:: Task statement ::
Without including any pictures, write out all the records word for word.
*** Provided entries
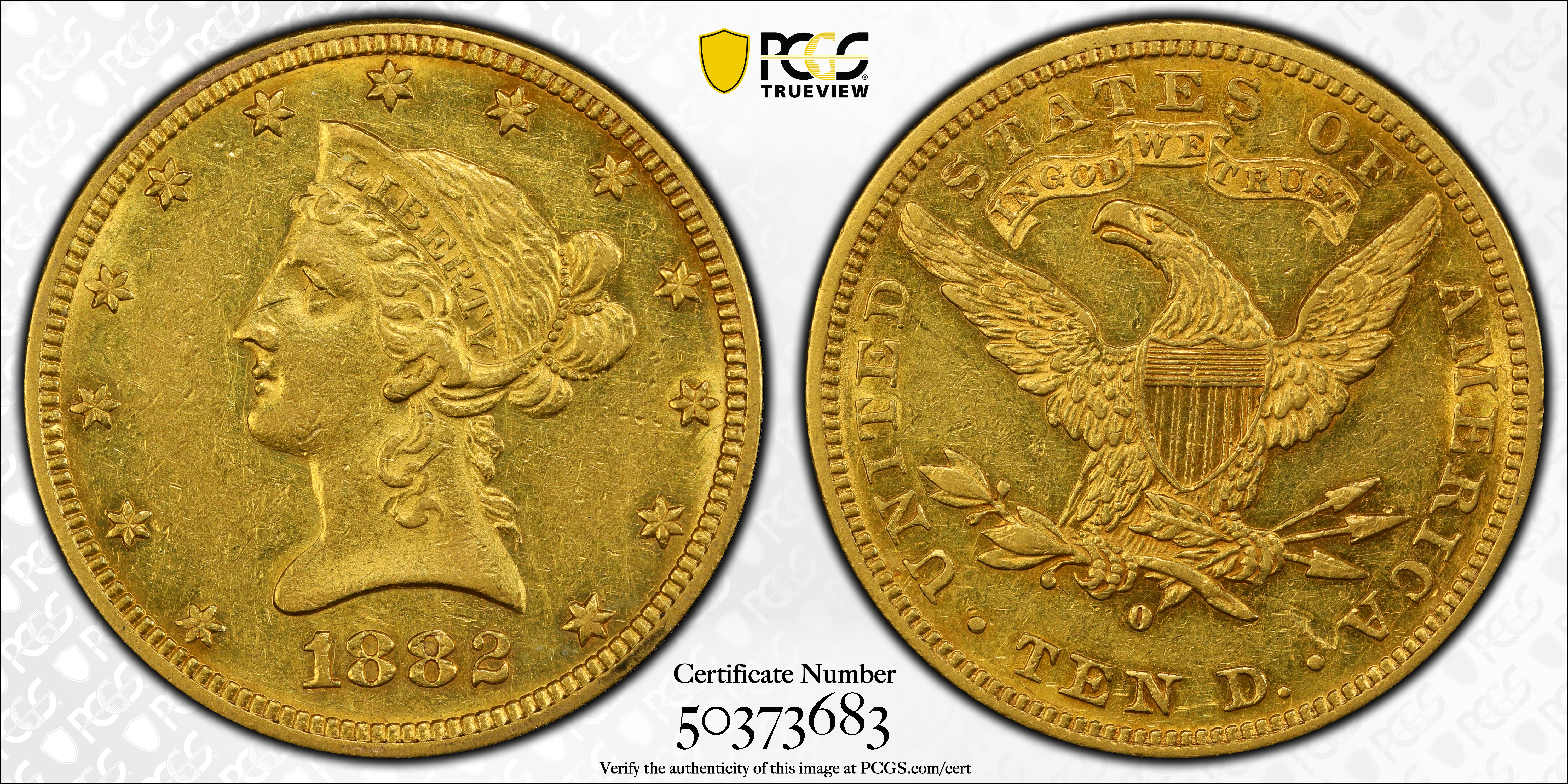 1882-O $10 AU53 Certification #50373683, PCGS #8697
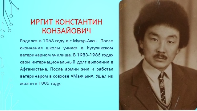 2. Иргит Константин Конзайович родился в 1963 году в с. Мугур – Аксы. После окончания школы учился в Кутуликском ветеринарном училище.
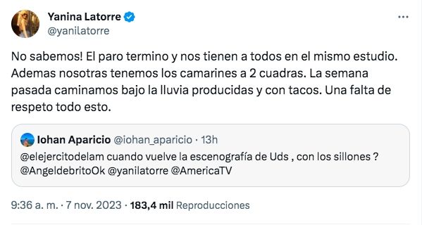 Todo comenzó cuando un seguidor le consultó a través de sus redes sociales sobre cuándo será el regreso de LAM a su estudio habitual. Allí, Latorre no dudó y no dudó en apuntar contra el canal por no haber podido resolver el conflicto que existe con los trabajadores desde el pasado 24 de octubre, cuando SATSAID (Sindicato Argentino de Televisión, Telecomunicaciones, Servicios Audiovisuales, Interactivos y de Datos) inició un paro el cual fue levantado la semana pasada.
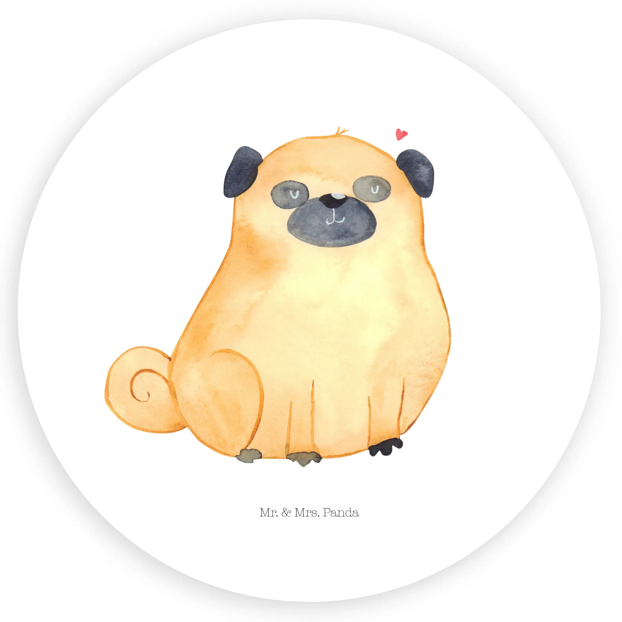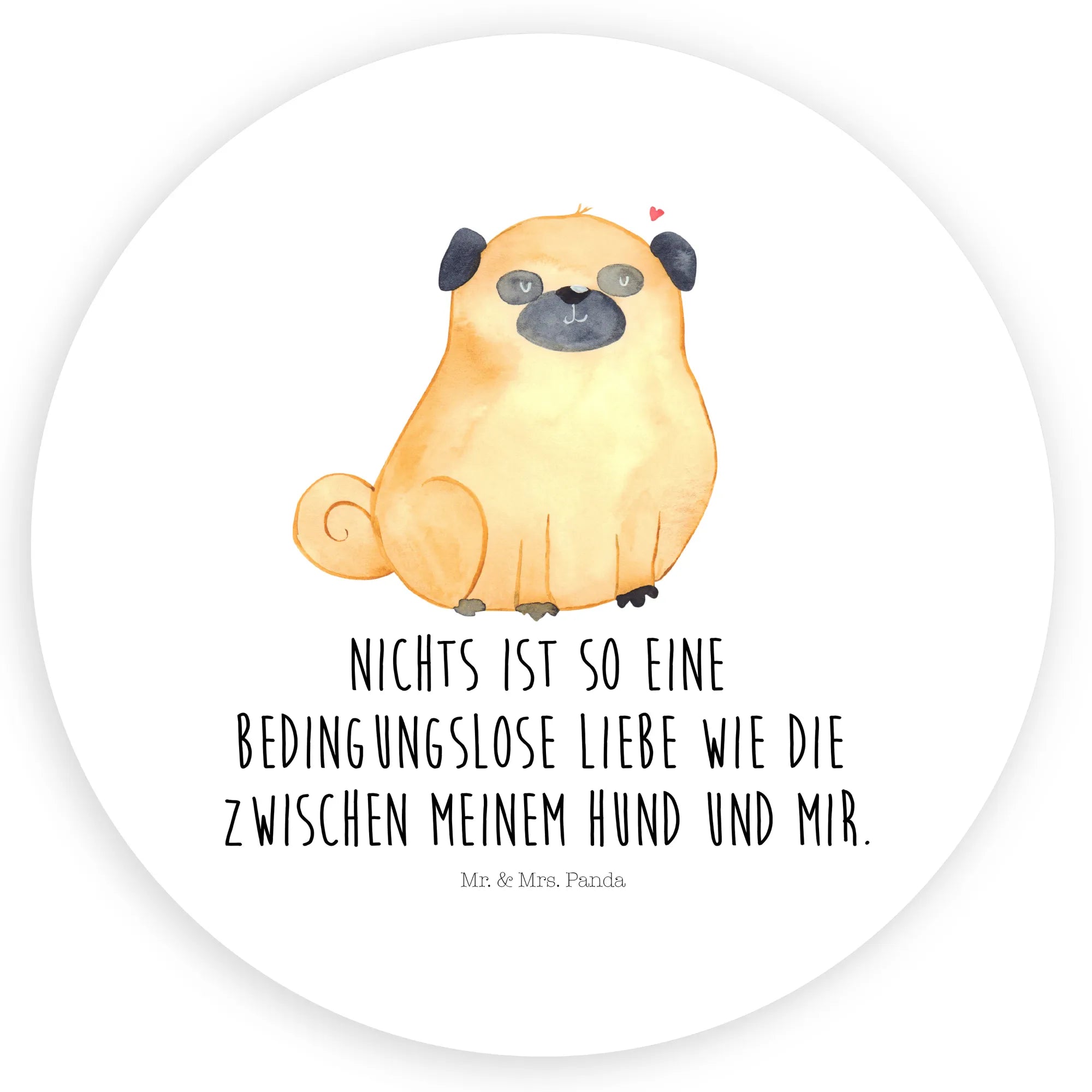 Rund Aufkleber Mops - 80mm Rund Aufkleber - mit Spruch - Weiß
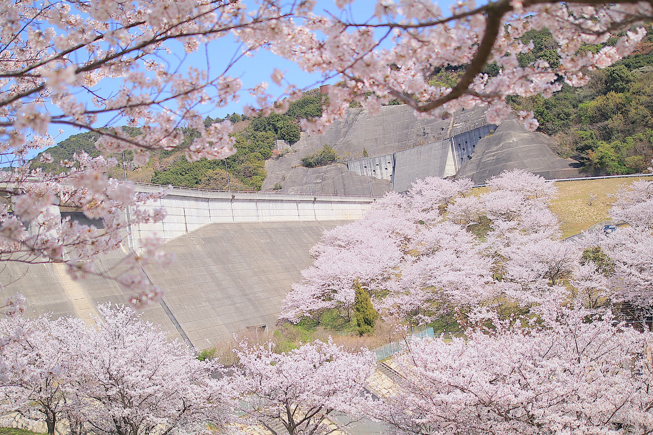 渓谷からなる島ということを物語っているように、小豆島に設けられた4つのダム。それらのダムが桜の名所ということを知っていれば、かなりの小豆島ツウだと思います。まず「殿川ダム」は、日本の棚田百選にも選ばれている中山千枚田に隣接するこぢんまりとしたダム。寒霞渓の西側・四方指山を水源とする伝法川の中流に佇み、小豆島の豊かな農業を支えています。そんなダムは春になると、優しい色合いのソメイヨシノに彩られます。静けさに包まれ、日本の原風景に訪れた春をほっこりと感じられる穴場スポットです。一方で、寒霞渓の東に位置する「粟地ダム」は、ダムの下を桜が埋め尽くすお花見スポット。下から桜の天井を見上げる構図と、上から桜の絨毯を俯瞰する構図、息を呑むほど美しい風景には、思わず感嘆してしまいます。
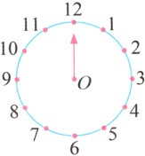 3. (1)指针从“12”绕点O顺时针旋转90°到“( )”。
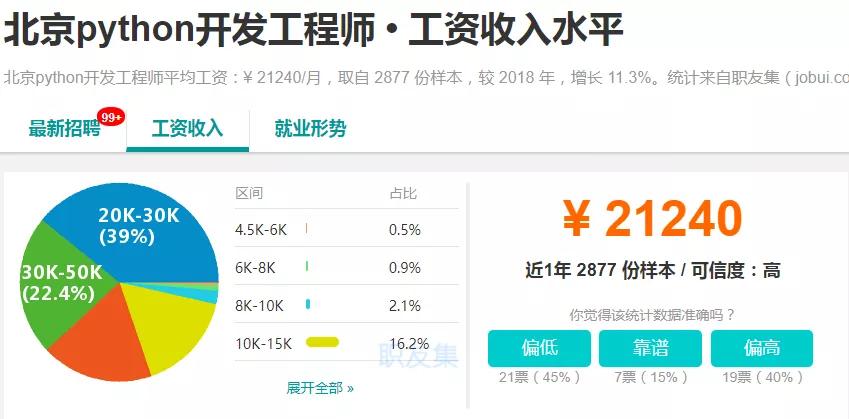 - 后端开发岗位是大户,是目前所有Python岗位里面需求量最大近一半,需求数量是爬虫工程师的10倍
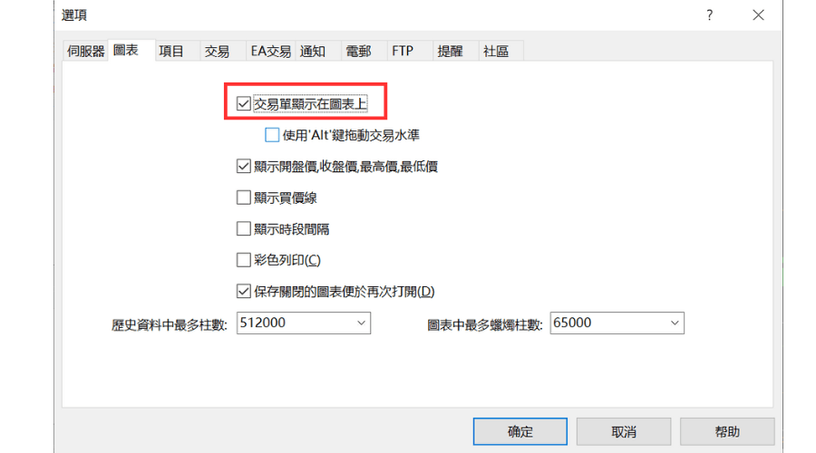 点击MT4菜单「工具」中的「选项」,然后点击「选项」视窗中的「图表」分页,勾选「交易单显示在图表上」的话就可以显示,取消勾选的话就会关闭。
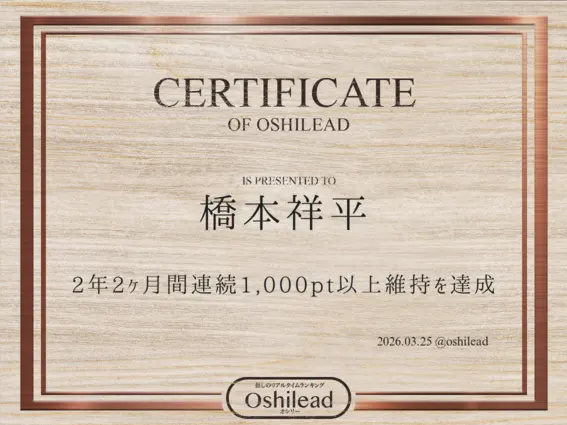 オシリートップ20平野紫耀1,570,066ptアイドル1位神宮寺勇太1,424,497ptアイドル2位岸優太1,395,740ptアイドル3位佐藤新247,066ptアイドル4位三宅健103,535ptアイドル5位大東立樹43,991pt俳優1位椿泰我26,543ptアイドル6位横原悠毅23,220ptアイドル7位岩橋玄樹18,714ptアイドル8位北山宏光16,395ptアイドル9位影山拓也15,412ptアイドル10位陽月るるふ14,872ptVTuber1位妃那子13,747ptアーティスト1位髙橋海人13,739ptアイドル11位鈴木大河13,640ptアイドル12位神谷浩史13,402pt声優1位播磨かな12,918ptアイドル13位鈴木愛奈11,848pt声優2位髙野 秀侑10,795ptアイドル14位近藤孝行10,369pt声優3位
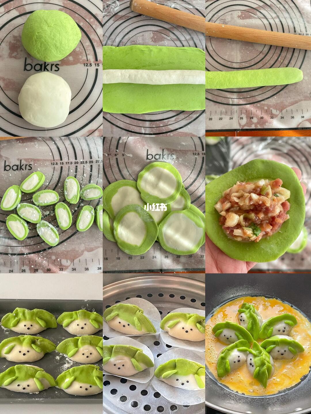 3️⃣面团醒发后稍稍揉一揉就很光滑,白色面团搓成长条,绿色面团擀薄后入白色面团封口捏紧,切成小剂子后擀成饺子皮
******
:: Solved exercise ::
 1882-O $10 AU53 Certification #50373683, PCGS #8697
 2. Иргит Константин Конзайович родился в 1963 году в с. Мугур – Аксы. После окончания школы учился в Кутуликском ветеринарном училище.
 Todo comenzó cuando un seguidor le consultó a través de sus redes sociales sobre cuándo será el regreso de LAM a su estudio habitual. Allí, Latorre no dudó y no dudó en apuntar contra el canal por no haber podido resolver el conflicto que existe con los trabajadores desde el pasado 24 de octubre, cuando SATSAID (Sindicato Argentino de Televisión, Telecomunicaciones, Servicios Audiovisuales, Interactivos y de Datos) inició un paro el cual fue levantado la semana pasada.
 Rund Aufkleber Mops - 80mm Rund Aufkleber - mit Spruch - Weiß
 渓谷からなる島ということを物語っているように、小豆島に設けられた4つのダム。それらのダムが桜の名所ということを知っていれば、かなりの小豆島ツウだと思います。まず「殿川ダム」は、日本の棚田百選にも選ばれている中山千枚田に隣接するこぢんまりとしたダム。寒霞渓の西側・四方指山を水源とする伝法川の中流に佇み、小豆島の豊かな農業を支えています。そんなダムは春になると、優しい色合いのソメイヨシノに彩られます。静けさに包まれ、日本の原風景に訪れた春をほっこりと感じられる穴場スポットです。一方で、寒霞渓の東に位置する「粟地ダム」は、ダムの下を桜が埋め尽くすお花見スポット。下から桜の天井を見上げる構図と、上から桜の絨毯を俯瞰する構図、息を呑むほど美しい風景には、思わず感嘆してしまいます。
 3. (1)指针从“12”绕点O顺时针旋转90°到“( )”。
 - 后端开发岗位是大户,是目前所有Python岗位里面需求量最大近一半,需求数量是爬虫工程师的10倍
 点击MT4菜单「工具」中的「选项」,然后点击「选项」视窗中的「图表」分页,勾选「交易单显示在图表上」的话就可以显示,取消勾选的话就会关闭。
 オシリートップ20平野紫耀1,570,066ptアイドル1位神宮寺勇太1,424,497ptアイドル2位岸優太1,395,740ptアイドル3位佐藤新247,066ptアイドル4位三宅健103,535ptアイドル5位大東立樹43,991pt俳優1位椿泰我26,543ptアイドル6位横原悠毅23,220ptアイドル7位岩橋玄樹18,714ptアイドル8位北山宏光16,395ptアイドル9位影山拓也15,412ptアイドル10位陽月るるふ14,872ptVTuber1位妃那子13,747ptアーティスト1位髙橋海人13,739ptアイドル11位鈴木大河13,640ptアイドル12位神谷浩史13,402pt声優1位播磨かな12,918ptアイドル13位鈴木愛奈11,848pt声優2位髙野 秀侑10,795ptアイドル14位近藤孝行10,369pt声優3位
 3️⃣面团醒发后稍稍揉一揉就很光滑,白色面团搓成长条,绿色面团擀薄后入白色面团封口捏紧,切成小剂子后擀成饺子皮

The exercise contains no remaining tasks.